Конечно, вечером он не пошел к ним, — не только их, никого он не хотел теперь видеть, ему нужно было подводить итоги, добиться полного понимания жизни.

То, что жизнь людей безумна, ужасна, это он узнал уже давно, еще юношей, но нужны были годы исканий, страданий, падений, тоски, новых исканий, чтобы понять, что, хотя страдание и в природе человека, естественно, нужно, но огромная доля этих страданий совершенно излишня, и что ничто не причиняет людям столько этих излишних и очень тяжелых страданий, как организованное насилие меньшинства, людей над большинством или, как в странах со всеобщей подачей голосов, большинства над меньшинством называемое государством, и, следовательно, чтобы избавиться от этих лишних, ужасных страданий, от этого безумия, от судов, тюрем, войн, голода, холода, насилия, люди прежде всего должны разрушить эту власть государства. Но раньше, еще так недавно, на вопрос: как это осуществить? Он отвечал: всякими средствами — только бы осуществить! Теперь же он понял, что на вопрос: «как потушить бушующий пожар?» никак нельзя ответить «всякими средствами», так как бросание бомб в горящие дома, подкладывание соломы, обливание их керосином, чтение лирических стихотворений над огнем, молебны, усиленное бегание вокруг пожара и т. д., без конца, не могут потушить его, а потушить огонь может только вода.

Где же это одно верное средство потушить пожар социальный?

Ясное дело, что оно не в том, чтобы бросать бомбы в солдат, резать жандармов, стрелять в королей и капиталистов, разжигать в газетах и речах самые низменные человеческие страсти — жажду власти, богатства, мстительность и т. п., — читать лекции о борьбе за существование и происхождении видов, петь революционные песни, усиленно бегать вокруг и хлопотать, организуя стачки, бойкоты, восстания, и т. д., без конца, а в том, чтобы идти в самую суть пожара, сделать так, чтобы капиталист не мог эксплоатировать, правители — угнетать, солдаты — стрелять и, главное, чтобы на место их не стали новые угнетатели, новые насильники, под новым флагом.

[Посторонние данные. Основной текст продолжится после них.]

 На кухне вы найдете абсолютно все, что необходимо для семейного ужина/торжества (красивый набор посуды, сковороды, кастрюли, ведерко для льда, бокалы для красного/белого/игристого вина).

А это возможно лишь тогда, когда люди поймут, что насильничать и угнетать — грех, будь целью этого насилия и угнетения личная выгода или всеобщее благо, все равно. Следовательно, нужно лишь прояснение сознания людей, содействие этому прояснению.

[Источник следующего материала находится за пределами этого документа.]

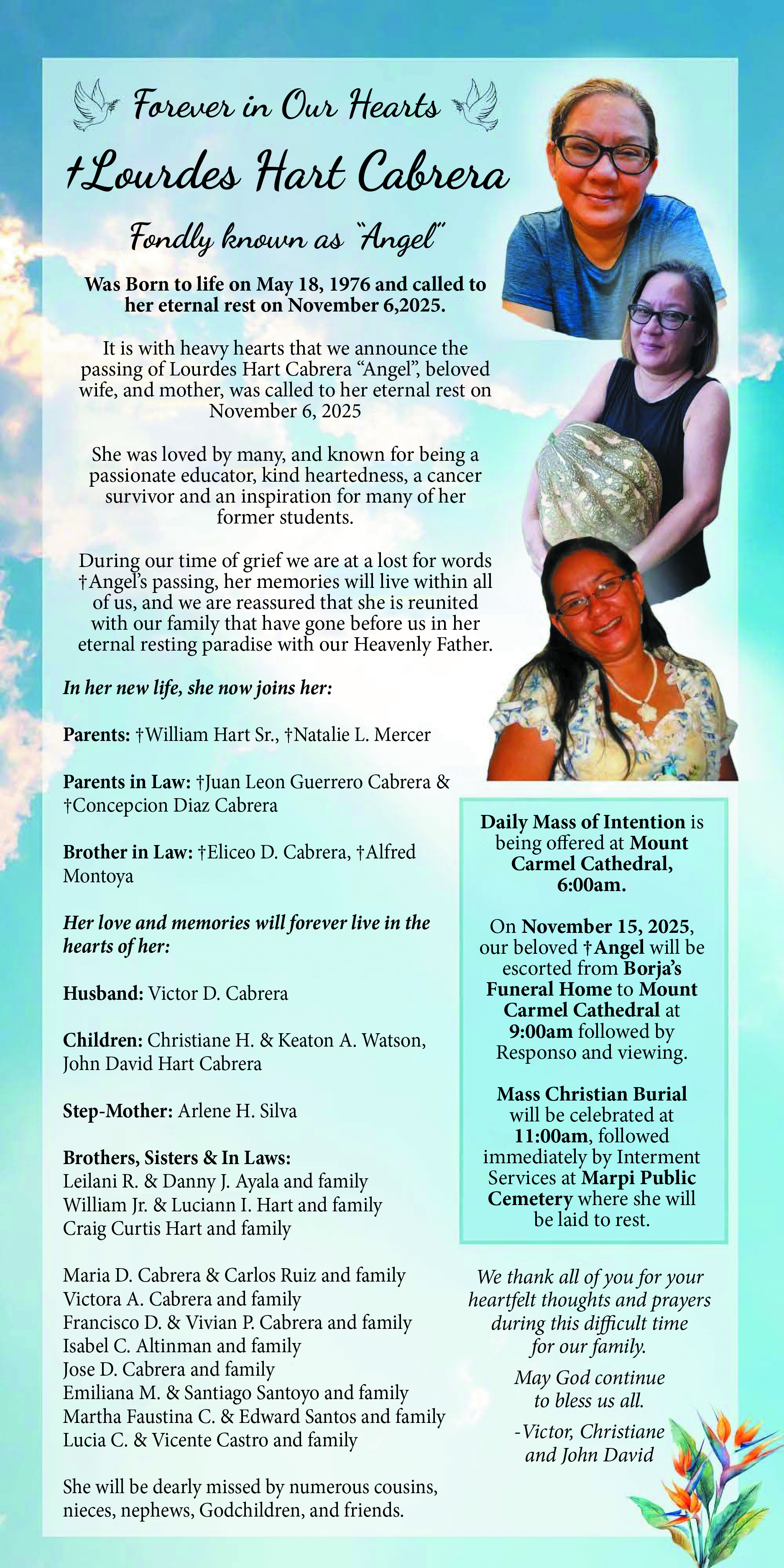 Written by Hazel Sadian• November 12, 2025• 5:30 am• Obituaries †Lourdes “Angel” Hart Cabrera HomeObituaries†Lourdes “Angel” Hart Cabrera ← Previous StoryMobil seeks judge’s recusal in long-running gas price lawsuit Leave a Reply Cancel replyYour email address will not be published. Required fields are marked *Comment * Name Email Website Save my name, email, and website in this browser for the next time I comment. [elementor-template id=”36674″]

Современный «порядок» держится не грубой, физической силой, а тем, что люди признают его. В современной гигантской, но совершенно бесплодной борьбе труда с капиталом Николая Ивановича всегда неприятно поражало то, что даже рабочие, эти современные рабы, не могли подняться над этим признанием существующего безумия. Они не говорили своим угнетателям: «Стыдно вам мучить нас — мы такие же люди, как и вы», — нет, они говорили: «Мы — ваши рабы, но наше рабство слишком уж тяжело: позвольте же нам работать на вас не 10, а 9 часов и платите нам за нашу неволю и труд не 1 р., а 1 р. 5 коп.!». Они называли это борьбой, между тем как это было лишь дальнейшее закрепощение самих себя, так как, говоря таким образом, они укрепляли и без того крепкое ложное сознание людей, что один человек может быть рабом другого. Нет, пусть они сами ясно сознают и пусть неустанно твердят всем, что это невозможно, абсолютно невозможно, что лучше умереть, чем быть рабом или помогать насильникам угнетать рабов, пусть они все силы свои положат на установление в умах всех этого нового сознания братства и равенства людей, и цепи их падут сами собой…

Да, проповедь нового, братского жизнепонимания нужна, а не месть, не злоба, не резня, не новое насилие, не новые насильники. Кого винить, кому мстить, кого казнить?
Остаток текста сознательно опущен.